CS465 - Assignment Three

Due: 2016-03-04 01:45p

Objectives

[20 points] Randomize

This week, rather than working with existing data, you are going to be creating data. We want a good quantity of data, so I would like you to do this programmatically. I suggest (and will assume) Python, but you are welcome to use another language like R, Go, Ruby, etc… if you are more comfortable using it. In Python, there is a library for writing out CSV data, which I suggest using with the “excel” dialect. There is also a nice random library that allows you to generate data using a number of different distribution techniques, which will make for more interesting data than generating uniform random values. Do your best to insert a story into your data that you can “reveal” with your visualization.

I would like you to generate a couple hundred rows of data, the precise number is up to you. You can be creative and use whatever column headings and data values you like. Your data could contain various environmental factors surrounding UFO sightings, or demographic data for attendees of the MiddStock music festival, or the predicted results of Winter Carnival 2017, or you could cop out and just give me a collection of letters and numbers with no implied significance. The only requirement is that you have at least four columns (or variables), and that your synthetic data has representatives of nominal, ordinal, interval, and ratio data. As we saw in class, much of this comes down to interpretation, as you could use integers for all of those things, but you need to be clear about which is which (this is where making up some real meaning to your columns might be helpful).

I would then like you to load this data into Tableau and visualize it. I would like to see at least four visualizations of this data.
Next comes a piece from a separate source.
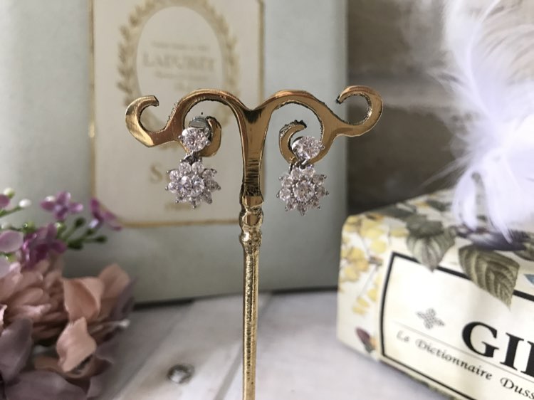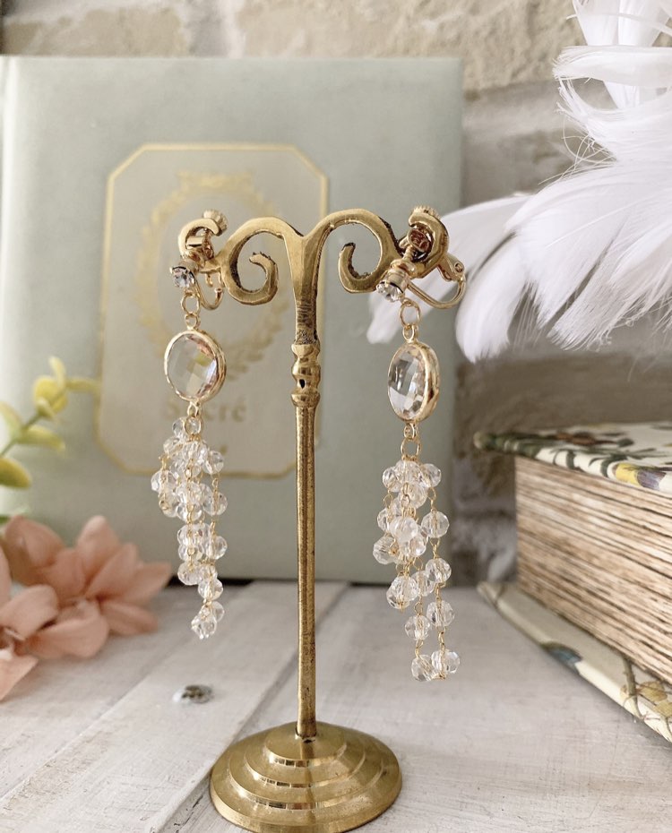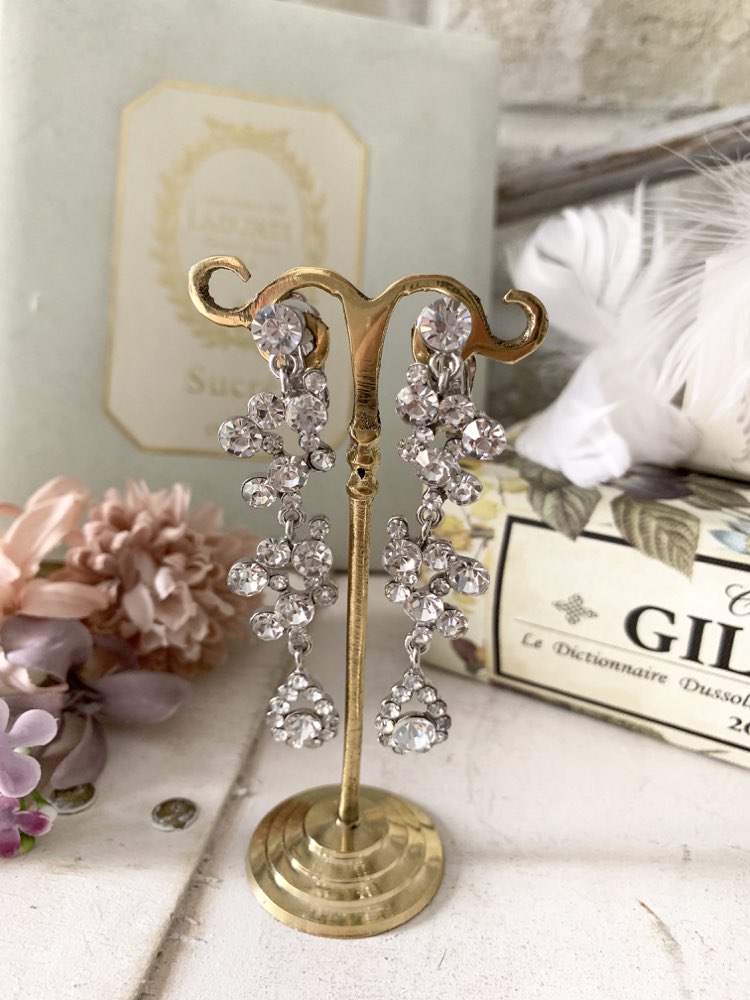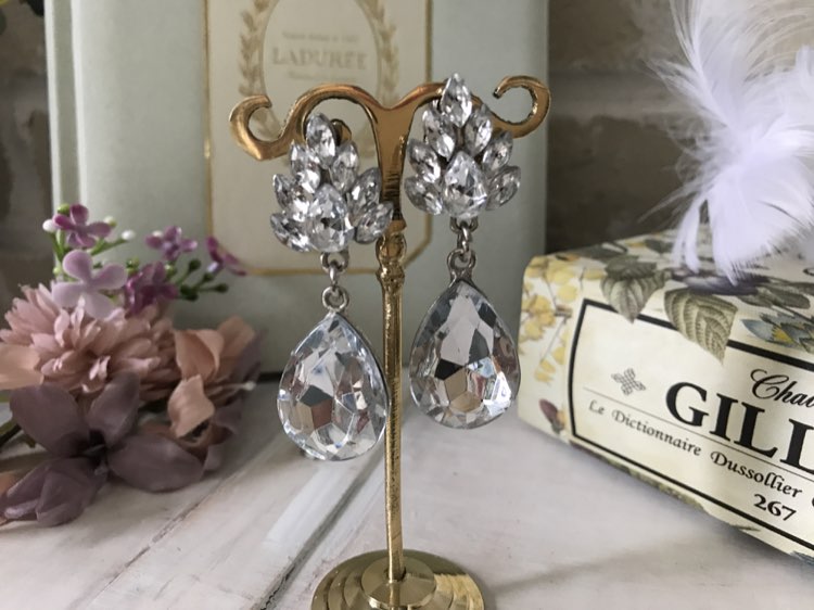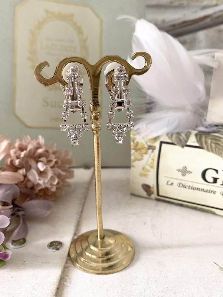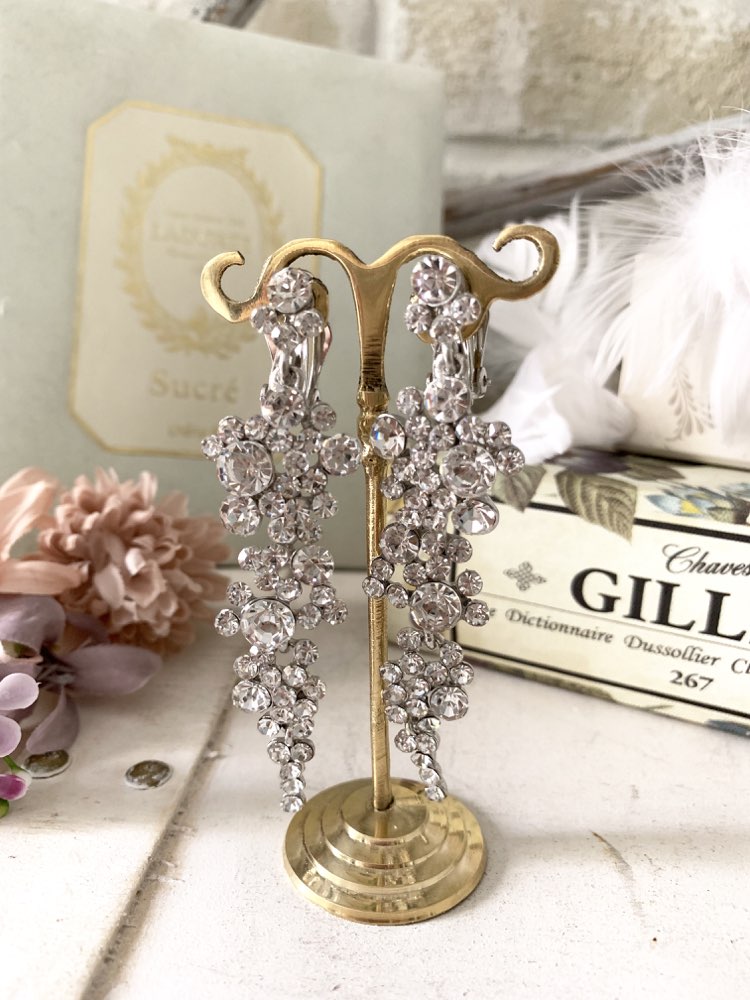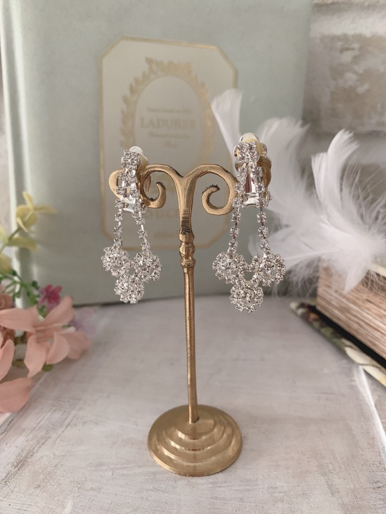 シルバー大粒ビジュー小粒ビジュー枠ドロップイヤリング
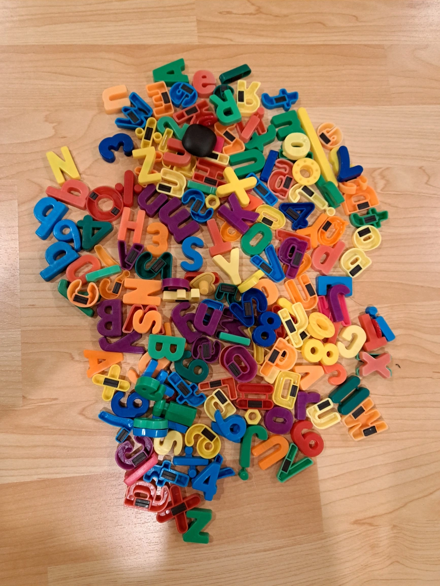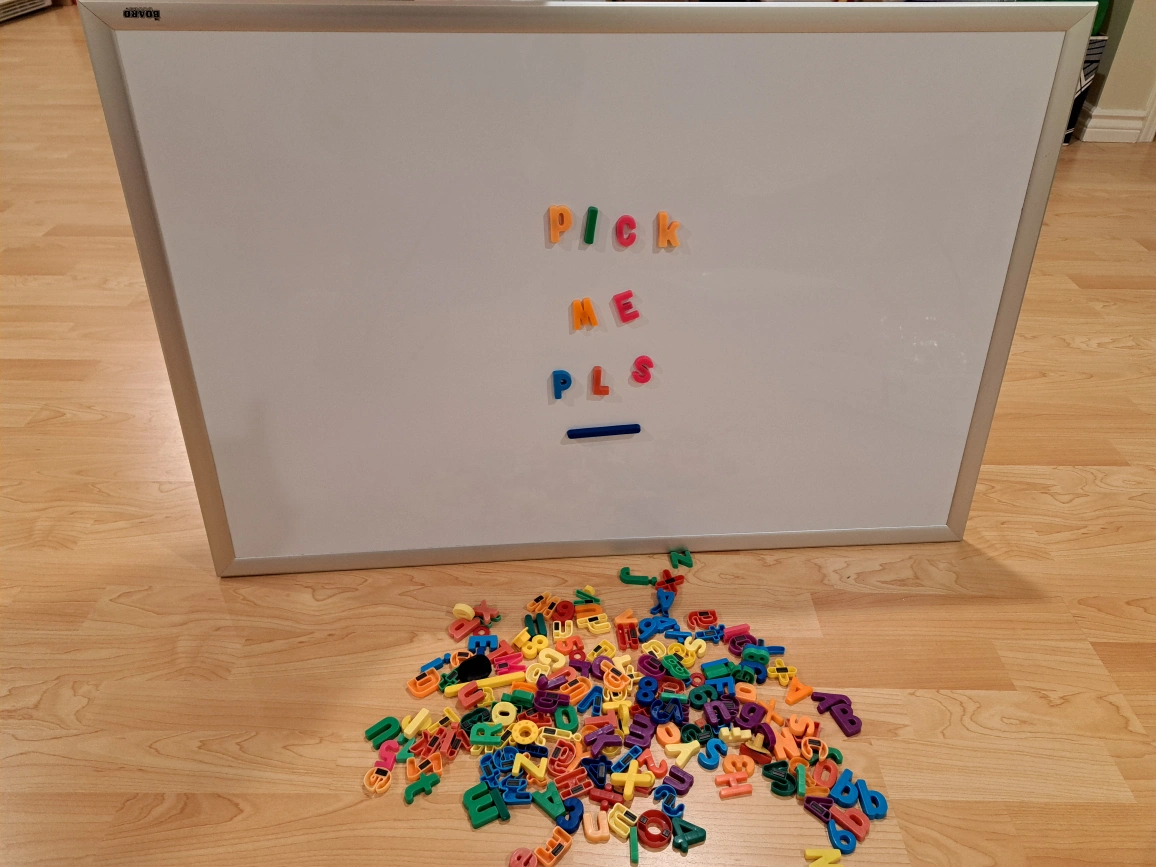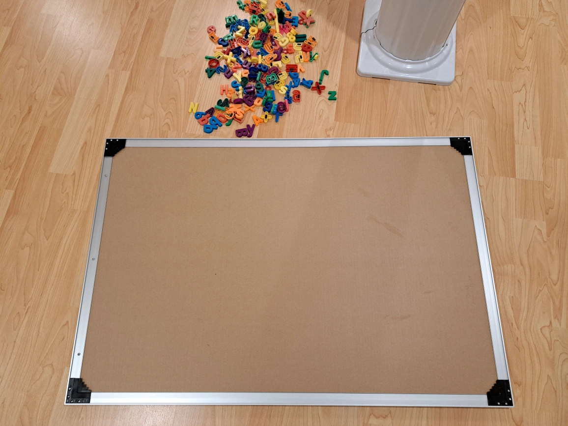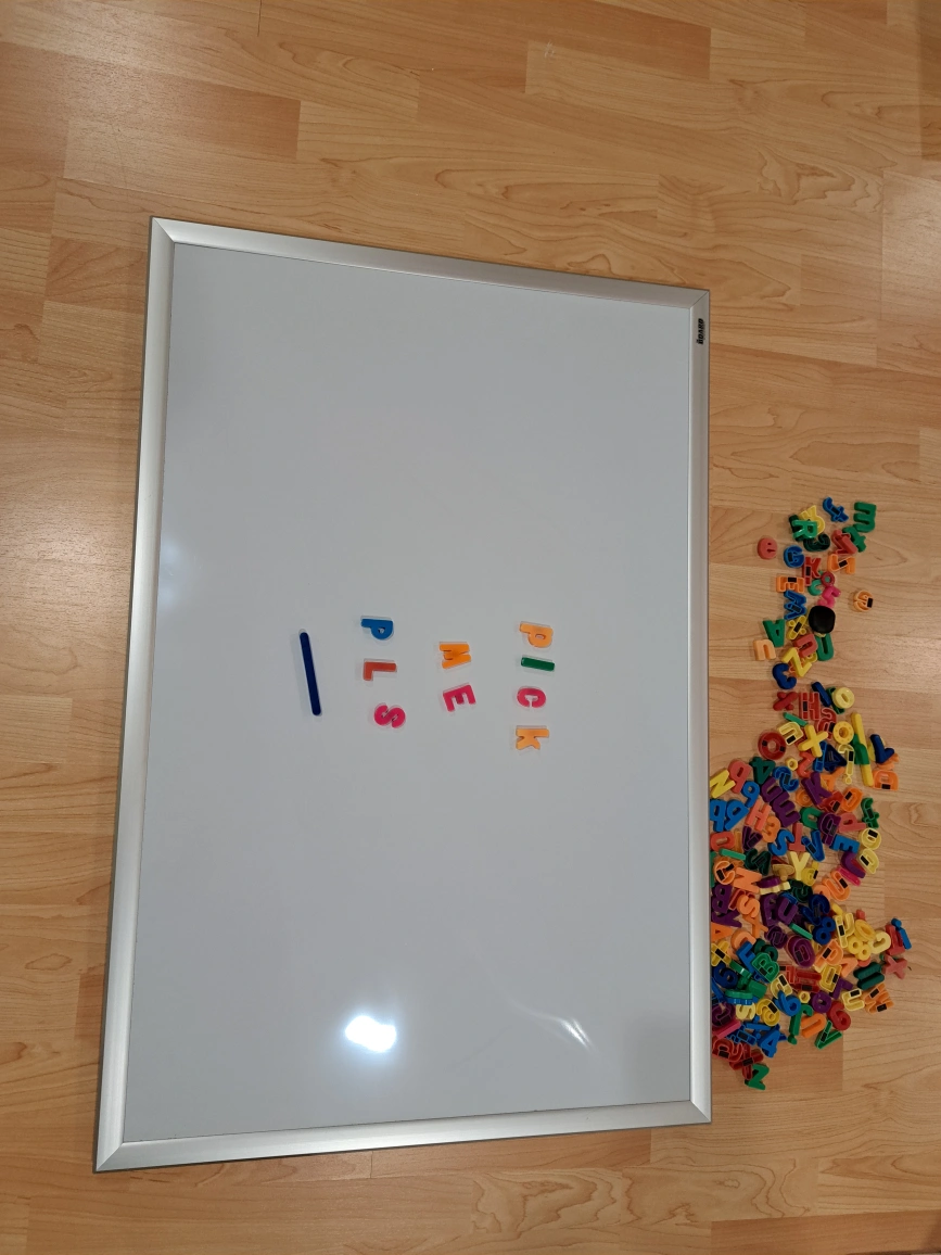 570Large magnetic whiteboard, silver frame. Includes a large quantity of colourful magnetic alphabet letters and numbers. Great for kids' learning.

For each of the four levels of measurements, I would like an explanation for why you picked the visual representation and why or why not it would be appropriate for the other three. You can use the story tool to create this write up, giving us one page per variable. Note that you do not need to think of the four visualizations as showcasing each of the four columns. Each visualization will probably involve multiple columns – you may even be able to cover all four variables in a single visualization (though I might advise against it). You can certainly use the same visualization to talk about multiple variables.

[5 points] Area or radius

For the second part of this assignment, I would like you to prove whether or not Tableau uses circle area or circle radius when you map a variable to “size” and you are using circles as the primary mark. You should hand craft a very small dataset and then use Tableau to visualize it in a way that demonstrates how a variable is mapped to size. I recommend thinking literally about drawing circles in space. A small challenge to this is that the size mark in Tableau is relative only within that measure. So, if the value you have mapped to size is 5, however Tableau determines the size of the circle, it will have nothing to do with the scale of the space you have drawn the circle (which is presumably determined by another variable). If you click on the size button, you will get a slider that changes the scale for all of the circles (it is a little fiddly, but you should be able to get it sized to a point where you can at least make comparisons). The consequence of this is that you can’t just draw a single circle, you will need at least two, so you can ask questions like: “If circle 1 is this size, what size do I expect circle 2 to be?”.


Logistics

You will again be working on this assignment in pairs that I will assign shortly. As before, please do this pair programming style, working together rather than splitting the work into tasks.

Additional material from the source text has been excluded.